Military expenses placed a considerable strain on royal revenues. In response, Richelieu raised the gabelle (salt tax) and the taille (land tax). The taille was enforced to provide funds to raise armies and wage war. The clergy, nobility, and high bourgeoisie either were exempt or could easily avoid payment, so the burden fell on the poorest segment of the nation. To collect taxes more efficiently, and to keep corruption to a minimum, Richelieu bypassed local tax officials, replacing them with intendants (officials in the direct service of the Crown). Richelieu's financial scheme, however, caused unrest among the peasants; there were several uprisings in 1636 to 1639. Richelieu crushed the revolts violently, and dealt with the rebels harshly.

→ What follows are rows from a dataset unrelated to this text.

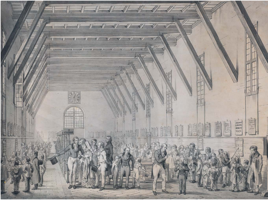
Een aquarel van Het Lancaster-Bell onderwijsstelsel door Giovanni Migliara, 1820

pleidooi voor het gebruik van stilte in de pedagogiek terug, maar wordt aandacht besteed aan de politiek-maatschappelijke rol van stilte en het leren stil zijn op school.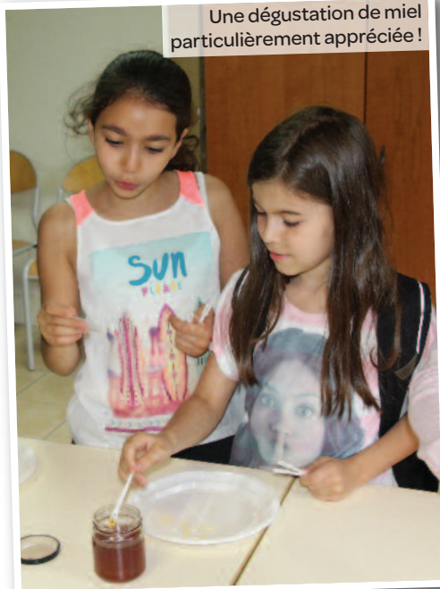
Une dégustation de miel particulièrement appréciée !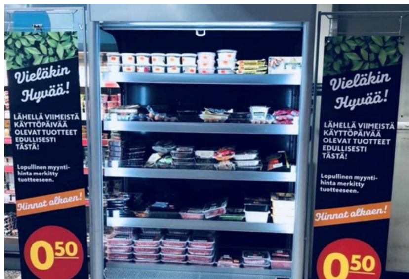
K-Citymarket Lahti Paavola ”Vieläkin Hyvää” -hylly

Hävikkituotteiden ostaminen ei ole köyhyyden ilmentymä vaan moderni ilmastotoimi.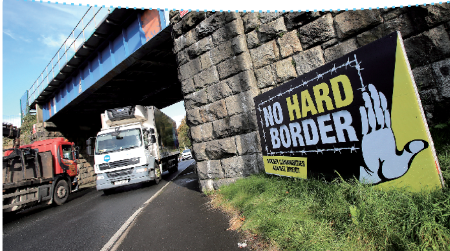
18日,英国北爱尔兰与爱尔兰边界附近竖立着一个反对“脱欧”的标语牌

西班牙看守政府首相桑切斯同日表示,骚乱会给经济和社会带来严重后果,政府不会让暴乱分子逍遥法外,可能会采取措施平息骚乱。(新华社)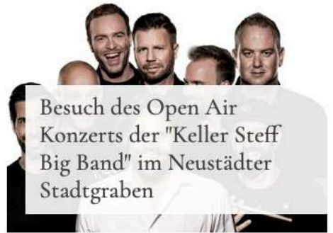
Besuch des Open Air Konzerts der "Keller Steff Big Band" im Neustädter Stadtgraben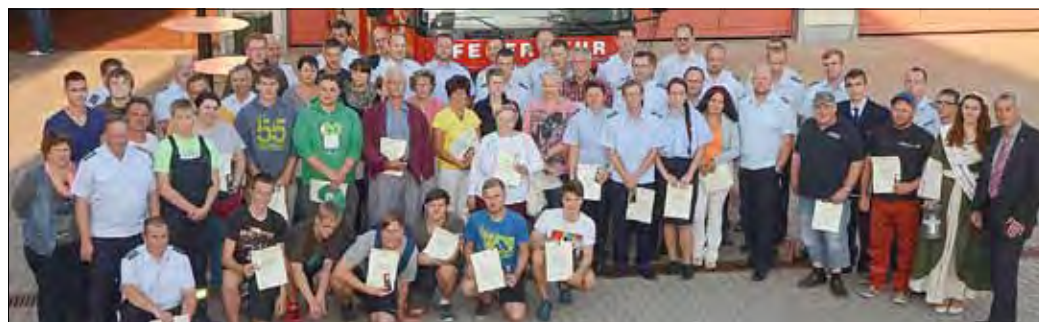
Kameraden der Freiwilligen Feuerwehr Bad Liebenwerda, zivile Fluthelfer und Helfer der Feuerwehr wurden für ihren Einsatz beim Hochwasser 2013 ausgezeichnet.

von Helfern beim Hochwasser im vergangenen Jahr zu würdigen. Insgesamt sollen im Land Brandenburg bis zu 17.000 Menschen damit ausgezeichnet werden. Neben den 45 Kameraden der Bad Liebenwerdaer Ortswehr sind 40 zivile Helfer aus Bad Liebenwerda, den Ortsteilen sowie aus anderen Kommunen für ihren Einsatz beim Hochwasser im Territorium der Stadt Bad Liebenwerda für die Hochwasser-Medaille vorgeschlagen worden. Weitere Meldungen sind noch möglich. Darüber hinaus erhalten die Kameraden der Freiwilligen Feuerwehren der Ortsteile ebenfalls Einsatzmedaillen. Diese werden in dezentralen Veranstaltungen im jeweiligen Ortsteil übergeben. KB

Because he openly aligned France with Protestant powers, Richelieu was denounced by many as a traitor to the Roman Catholic Church. Military action, at first, was disastrous for the French, with many victories going to Spain and the Empire. Neither side, however, could obtain a decisive advantage, and the conflict lingered on after Richelieu's death. Richelieu was instrumental in redirecting the Thirty Years' War from the conflict of Protestantism versus Catholicism to that of nationalism versus Habsburg hegemony. In this conflict France effectively drained the already overstretched resources of the Habsburg empire and drove it inexorably towards bankruptcy. The defeat of Habsburg forces at the Battle of Lens in 1648, coupled with their failure to prevent a French invasion of Catalonia, effectively spelled the end for Habsburg domination of the continent, and for the personal career of Spanish prime minister Olivares. Indeed, in the subsequent years it would be France, under the leadership of Louis XIV, who would attempt to fill the vacuum left by the Habsburgs in the Spanish Netherlands and supplant Spain as the dominant European power.

New World
When Richelieu came to power, New France, where the French had a foothold since Jacques Cartier, had no more than 100 permanent European inhabitants. Richelieu encouraged Louis XIII to colonize the Americas by the foundation of the Compagnie de la Nouvelle France in imitation of the Dutch West India Company. Unlike the other colonial powers, France encouraged a peaceful coexistence in New France between Natives and Colonists and sought the integration of Indians into colonial society. Samuel de Champlain, governor of New France at the time of Richelieu, saw intermarriage between French and Indians as a solution to increase population in its colony. Under the guidance of Richelieu, Louis XIII issued the Ordonnance of 1627 by which the Indians, converted to Catholicism, were considered as "natural Frenchmen":

The 1666 census of New France, conducted some 20 years after the death of Cardinal Richelieu, showed a population of 3,215 habitants in New France, many more than there had been only a few decades earlier, but also a great difference in the number of men (2,034) and women (1,181).

Final years

Towards the end of his life, Richelieu alienated many people, including Pope Urban VIII. Richelieu was displeased by the Pope's refusal to name him the papal legate in France; in turn, the Pope did not approve of the administration of the French church, or of French foreign policy. However, the conflict was largely resolved when the Pope granted a cardinalate to Jules Mazarin, one of Richelieu's foremost political allies, in 1641. Despite troubled relations with the Roman Catholic Church, Richelieu did not support the complete repudiation of papal authority in France, as was advocated by the Gallicanists.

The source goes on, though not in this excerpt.